The official death toll for the Boxing Day tsunami stands at over 180,000, with more than
45,000 people still missing. Nearly 1.7 million people were displaced. Not only were homes
and lives immediately destroyed, but these are all relatively poor countries that rely heavily
on the tourism industry, an industry hit hard by the tsunami. With so many livelihoods
affected, the long term effects of that natural disaster are still being felt in many of the
stricken places today.

When the earthquake and tsunami happened in 2004, I was living thousands of miles away
in London. At the time, I was still a student, relying on financial support from my parents.
I felt powerless to help. Although I gave what I could for charity, I felt my efforts were as
insignificant as a drop in the ocean.

Now, although I have zero connections with Japan, aside from a shared affinity for raw fish,
Japan is close enough to Malaysia for the aftershocks and rough waves to reach the eastern
shores of Borneo. The off-shore quake, the resulting tidal waves, the coastal destruction...it
was a haunting re-creation of the last disaster seven years ago: different place, same tragedy.
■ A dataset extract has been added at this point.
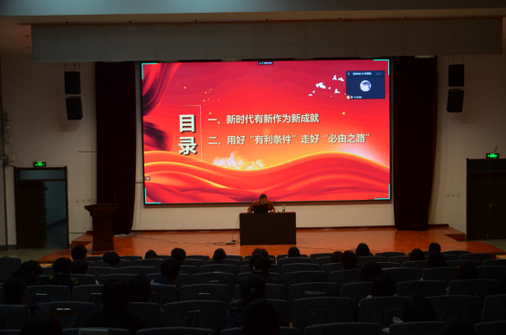 赵亮从新时代有新作为新成就和用好“有利条件”走好“必由之路”两方面与同学们共同回顾了走进新时代中国10年跨越式巨变,党以伟大的历史主动精神、巨大的政治勇气、强烈的责任担当,统筹国内国际两个大局,统揽伟大斗争、伟大工程、伟大事业、伟大梦想,党和国家事业取得的历史性成就、发生的历史性变革,勉励同学们要深入领会“两个确立”的决定性意义,增强“四个意识”、坚定“四个自信”、做到“两个维护”,要弘扬中国精神,践行伟大民族精神、伟大时代精神、伟大建党精神,坚定不移走好“必由之路”,掌握主动,用好“有利条件”,克服一切艰难险阻,乘风破浪行稳致远,肩负起新时代赋予我们的历史重任,勿忘昨天的苦难辉煌,无愧今天的使命担当,不负明天的伟大梦想,坚定理想信念,厚植家国情怀,让青春年华在为国家、为人民的奉献中焕发光芒。

This time though, I intend to do something about it. I feel I’m in a better position to help: I’ve
just begun to pursue my writing career seriously, and I’m in the midst of building a modest
online platform. So instead of trying to act as an individual, why not try and rally aid from
my fellow bloggers worldwide?

With that in mind, Stories for Sendai was born. And with your help, we could really try and
make a difference! By buying a copy of Stories for Sendai, you’ll not only be donating to
a worthwhile cause (all proceeds from the anthology will be donated to Global Giving, a
project which disburses funds to aid and rescue efforts on the ground that needs it most),
you’ll also be getting a wonderfully designed book with 20 uplifting and inspirational stories
about the strength of the human spirit!

Also, we’re running a CONTEST! Just purchase a copy of the anthology and email us the
receipt, and you’ll be entered in a draw for uber-cool prizes, including manuscript or query
critiques! Visit the Stories for Sendai site for more details!

**********

A bit about J. C.:


Rabid writer, aspiring author. Also bookworm, kung fu fighter, teacher, gourmand, slave to three dogs, child at heart, dreamer.

********* 

Did the Japan earthquake affect you in any way, readers?


-----The Golden Eagle

17 comments:

Alex J. Cavanaugh said...

Now you are making a difference, JC!

Rob-bear said...

It, once again, reminded me of the power of nature and the peril of nuclear power.

Elliot Grace said...

180,000...I find it difficult translating that number into words. Good for you, J.C. for trying to make a difference, spreading awareness.

Great interview, Eagle:)

EL

Su said...

What a great idea! Good for you for finding a unique way to help.

Charles Gramlich said...

I hope this does well. I'll check it out.

Heather said...

It's amazing and terribly sad to hear how much that event devastated so many other countries as well. Thank you for sharing your story J.C.

Madeline Bartos said...

It's so inspiring how J.C used her talents to make a difference. :) Thanks for sharing!

Old Kitty said...

Thank you lovely Golden Eagle for hosting the most beautiful JC!!! Yay for her Stories for Sendai - what a true inspiration.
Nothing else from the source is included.